— Вот, здесь приготовлено для тебя, — сказала Марья Сергеевна, маленькая полненькая блондинка средних лет, отворяя дверь просторной комнаты с бревенчатыми стенами и белым некрашеным полом. На круглом столе у постели горела лампа, по стенам и у окон стояло несколько тяжелых старинных кресел, на стене, в широкой рамке красного дерева висело большое зеркало. Ольга Владимировна засмеялась.
— Как это оригинально! — сказала она, указывая на стены, — и пахнет сосной.
Весь день, с приезда своего в Прудики, где она гостила теперь у своей подруги Марьи Сергеевны, она чувствовала себя необычайно возбужденной: она много смеялась, бегала взапуски с маленьким Вавой и вдруг, среди самой веселой и беззаботной болтовни, ее охватывало желание броситься лицом в свежую нежную травку, биться об нее головой, как билась когда-то при ней одна припадочная баба, и рыдать, хотя бы без слез, потому что слез у нее не было.
— А ты, Оленька, все та же девочка, какой была до замужества, — говорила ей Марья Сергеевна.
Теперь необычная обстановка комнаты умилила и обрадовала Ольгу Владимировну.
— Ты знаешь, — сказала она, — я не запомню, когда я была в деревне, в настоящей, как здесь. Весной, наверное, никогда.
— Ложись, — торопливо посоветовала Марья Сергеевна, — а я сейчас же вернусь к тебе, только зайду проститься с Васей и скажу, чтобы он спал. Мы еще поболтаем.
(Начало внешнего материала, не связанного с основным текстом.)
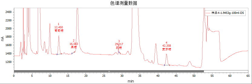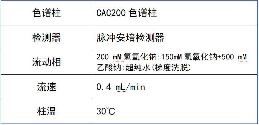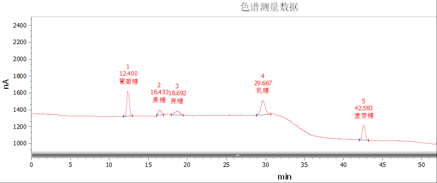 新標(biāo)準(zhǔn)要求明確標(biāo)示糖含量 哪種檢測(cè)方法能精準(zhǔn)檢測(cè)糖含量呢? GB 5009.8-2023《食品安全國(guó)家標(biāo)準(zhǔn)食品中果糖、葡萄糖、蔗糖、麥芽糖、乳糖的測(cè)定》明確了食品中五種糖的檢測(cè)方法,其中離子色譜法作為第二法適用于全品類食品果糖、葡萄糖、蔗糖、麥芽糖、乳糖的測(cè)定,是應(yīng)用范圍最廣的檢測(cè)方法。 盛瀚解決方案 儀器配置: CIC-D200E糖檢測(cè)專用儀 ?高通量自動(dòng)進(jìn)樣器 60、120位進(jìn)樣器可選,樣品處理量多,效率更高; 全定量、部分進(jìn)樣、無損進(jìn)樣等多種進(jìn)樣方式可選,滿足不同用戶使用場(chǎng)景。 ?電化學(xué)檢測(cè)單元 直流、脈沖、積分三種模式可選,選擇更靈活; 內(nèi)置柱溫箱,連接死體積更小,出峰分辨率更佳; ?高效梯度混合泵 多通路流路自動(dòng)混合,精度高、易控制、更省心; 耐腐蝕,流路pH范圍0~14,可適用多種有機(jī)溶劑,性能優(yōu)異。 SH-CAC-200 色譜柱可以快速高效地分離單糖、雙糖,具有理想的分離度;與脈沖安培檢測(cè) (PAD) 相結(jié)合,在高 pH 條件下可進(jìn)行高分辨率的分離,無需衍生化。 前處理方法: ①稱取試樣2g(精確至0.001 g)于100 mL比色管中,加入約50 mL 50℃~60℃熱水,渦旋或攪拌 ②待樣品充分溶解,加入2 mL乙酸溶液,渦旋混勻,超聲30 min ③轉(zhuǎn)移至100 mL容量瓶中并用水定容至刻度,混勻,靜置20 min ④依次過0.45 μm水性濾膜針頭過濾器和C18固相萃取小柱 色譜條件: 樣品譜圖: (標(biāo)準(zhǔn)溶液譜圖 點(diǎn)擊圖片可放大查看) (樣品1溶液譜圖 點(diǎn)擊圖片可放大查看) (樣品2局部放大譜圖 點(diǎn)擊圖片可放大查看)

— Все еще нежности с мужем! — подумала Ольга Владимировна, провожая подругу глазами. — Если это искренно, то… странно. Сколько им? лет десять супружества. А мне — скоро шесть. — Она подошла к окну, открыла его и высунулась.
Ночь была ясная, лунная, но в воздухе было холодно и сыро. Еще немногочисленные листья серебристых тополей дрожали в лунном сиянии, как от озноба. Днем прошел дождь и на площадке перед домом стояли лужи. От тополей, от дождевой воды на песке и траве веяло свежестью и едва уловимым ароматом. За широким полукругом тополей было темно: там толпились еще полуодетые, озябшие деревья сада; они молчали и жадно ждали дня с его теплом и солнцем, от которых радостно развертывались их молодые клейкие листочки, готовясь жить и наслаждаться жизнью.
— Боже мой! — с внезапной тоской прошептала Ольга Владимировна. Она села на подоконник и подставила свое побледневшее лицо холодной ласке лунного света. Глаза ее закрылись, и ей стало казаться, что холод и покой, которые она чувствовала кругом себя, проникают в ее тревожную душу, успокаивают и убаюкивают ее.
— Это безумие, Оля! — вскрикнула Марья Сергеевна, появляясь в дверях, — ты простудишься и настудишь комнату.
Она быстро подошла и ласково обняла Ольгу за плечи, стараясь отвести ее от окна.
— Оставь меня! — тихо попросила Ольга.
— Но ты спишь… — ласкаясь, возразила Маня.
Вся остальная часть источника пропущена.